Net::Amazon::EMR - API for Amazon's Elastic Map-Reduce service

SYNOPSIS

use Net::Amazon::EMR;

my $emr = Net::Amazon::EMR->new(
  AWSAccessKeyId  => $AWS_ACCESS_KEY_ID,
  SecretAccessKey => $SECRET_ACCESS_KEY,
  ssl             => 1,
  );

# start a job flow
my $id = $emr->run_job_flow(Name => "Example Job",
                            Instances => {
                                Ec2KeyName => 'myKeyId',
                                InstanceCount => 10,
                                KeepJobFlowAliveWhenNoSteps => 1,
                                MasterInstanceType => 'm1.small',
                                Placement => { AvailabilityZone => 'us-east-1a' },
                                SlaveInstanceType => 'm1.small',
                            },
                            BootstrapActions => [{
                              Name => 'Bootstrap-configure',
                              ScriptBootstrapAction => {
                                Path => 's3://elasticmapreduce/bootstrap-actions/configure-hadoop',
                                Args => [ '-m', 'mapred.compress.map.output=true' ],
                              },
                            }],
                            Steps => [{
                              ActionOnFailure => 'TERMINATE_JOB_FLOWS',
                              Name => "Set up debugging",
                              HadoopJarStep => { 
                                         Jar => 's3://us-east-1.elasticmapreduce/libs/script-runner/script-runner.jar',
                                         Args => [ 's3://us-east-1.elasticmapreduce/libs/state-pusher/0.1/fetch' ],
                                         },
                            }],
                          );

print "Job flow id = " . $id->JobFlowId . "\n";

# Get details of just-launched job
$result = $emr->describe_job_flows(JobFlowIds => [ $id->JobFlowId ]);

# or get details of all jobs created after a given time
$result = $emr->describe_job_flows(CreatedAfter => '2012-12-17T07:19:57Z');

# or use DateTime
$result = $emr->describe_job_flows(CreatedAfter => DateTime->new(year => 2012, month => 12, day => 17));

# See the details of the typed result
use Data::Dumper; print Dumper($result);

# or dispense with types and see the details as a perl hash
use Data::Dumper; print Dumper($result->as_hash);

# Flexible Booleans - 1, 0, undef, 'true', 'false'
$emr->set_visible_to_all_users(JobFlowIds => $id, VisibleToAllUsers => 1);
$emr->set_termination_protection(JobFlowIds => [ $id->JobFlowId ], TerminationProtected => 'false');

# Add map-reduce steps and execute
$emr->add_job_flow_steps(JobFlowId => $job_id,
                         Steps => [{
          ActionOnFailure => 'CANCEL_AND_WAIT',
          Name => "Example",
          HadoopJarStep => { 
            Jar => '/home/hadoop/contrib/streaming/hadoop-streaming.jar',
            Args => [ '-input', 's3://my-bucket/my-input',
                      '-output', 's3://my-bucket/my-output',
                      '-mapper', '/path/to/mapper-script',
                      '-reducer', '/path/to/reducer-script',
                    ],
            Properties => [ { Key => 'reduce_tasks_speculative_execution', Value => 'false' } ],
            },
      }, ... ]);

DESCRIPTION

This is an implementation of the Amazon Elastic Map-Reduce API.

CONSTRUCTOR

new(%options)

This is the constructor.
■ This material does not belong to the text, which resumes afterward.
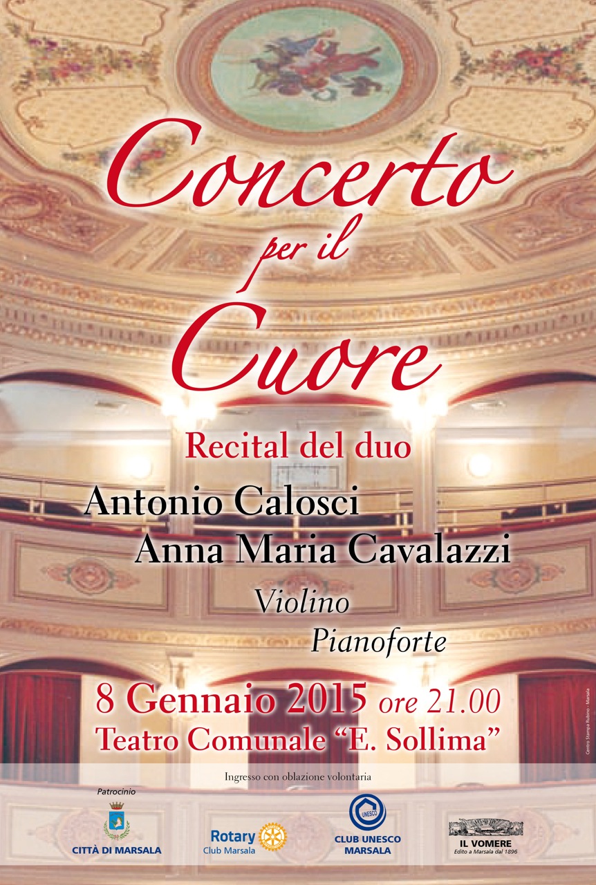 Il Club Unesco Marsala - in collaborazione con il locale Rotary Club e il periodico Il Vomere - organizza una serata di musica classica per domani, giovedì 8 gennaio, al Teatro Comunale (ore 21). Il "Concerto del Cuore", che si avvale del patrocinio del Comune di Marsala, è un recital del Duo Antonio Calosci (Violino) e Anna Maria Cavalazzi (Pianoforte). L’ingresso a 10 euro è, in realtà, un contributo volontario finalizzato all´acquisto di un defibrillatore, in sintonia con l’iniziativa “Marsala Cardioprotetta” - patrocinata anch’essa dal Comune - lanciata dal Rotary Club presieduto da Riccardo Lembo.
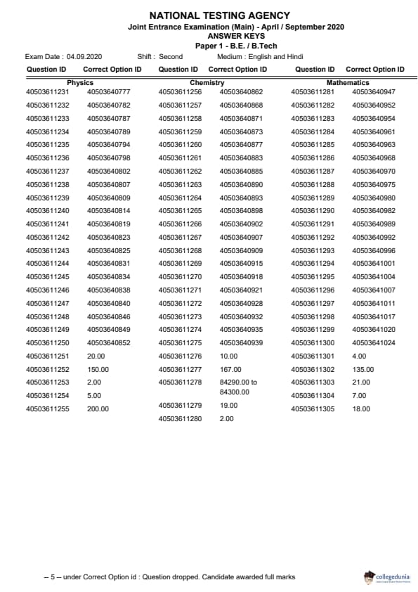 JEE Main B.E/ B.Tech 2020 Question Paper on September 4 was conducted with three core sections Physics, Chemistry, and Mathematics. In accordance with the overall difficulty level of JEE Main B.E/ B.Tech 2020 previous session question papers, the question paper for September 4, ranged from moderate to difficult. As per the section-wise difficulty level, Physics and Chemistry were moderate whereas the Maths paper was tough. JEE Main 2022 aspirants can download the question paper for September 4, 2020, along with its answer key from the links given below.

Options are as follows:

  • AWSAccessKeyId (required)

    Your AWS access key.

  • SecretAccessKey (required)

    Your secret key.

  • base_url (optional)

    The base URL for your chosen Amazon region; see http://docs.aws.amazon.com/general/latest/gr/rande.html#emr_region. If not specified, the default URL is used (which implies region us-east-1).

    my $emr = Net::Amazon::EMR->new(
        AWSAccessKeyId  => $AWS_ACCESS_KEY_ID,
        SecretAccessKey => $SECRET_ACCESS_KEY,
        base_url => 'https://elasticmapreduce.us-west-2.amazonaws.com',
    );
  • ssl (optional)

    If set to a true value, the default base_url will use https:// instead of http://. Defaults to true.

    The ssl flag is not used if base_url is set explicitly.

  • max_failures (optional)

    Number of times to retry if a communications failure occurs, before raising an exception. Defaults to 5.

METHODS

Detailed information on each of the methods can be found in the Amazon EMR API documentation. Each method takes a hash of parameters using the names given in the documentation. Parameter passing uses the following rules:

  • Array inputs such as InstanceGroups.member.N use their primary name and a Perl ArrayRef, i.e. InstanceGroups => [ ... ] in this example.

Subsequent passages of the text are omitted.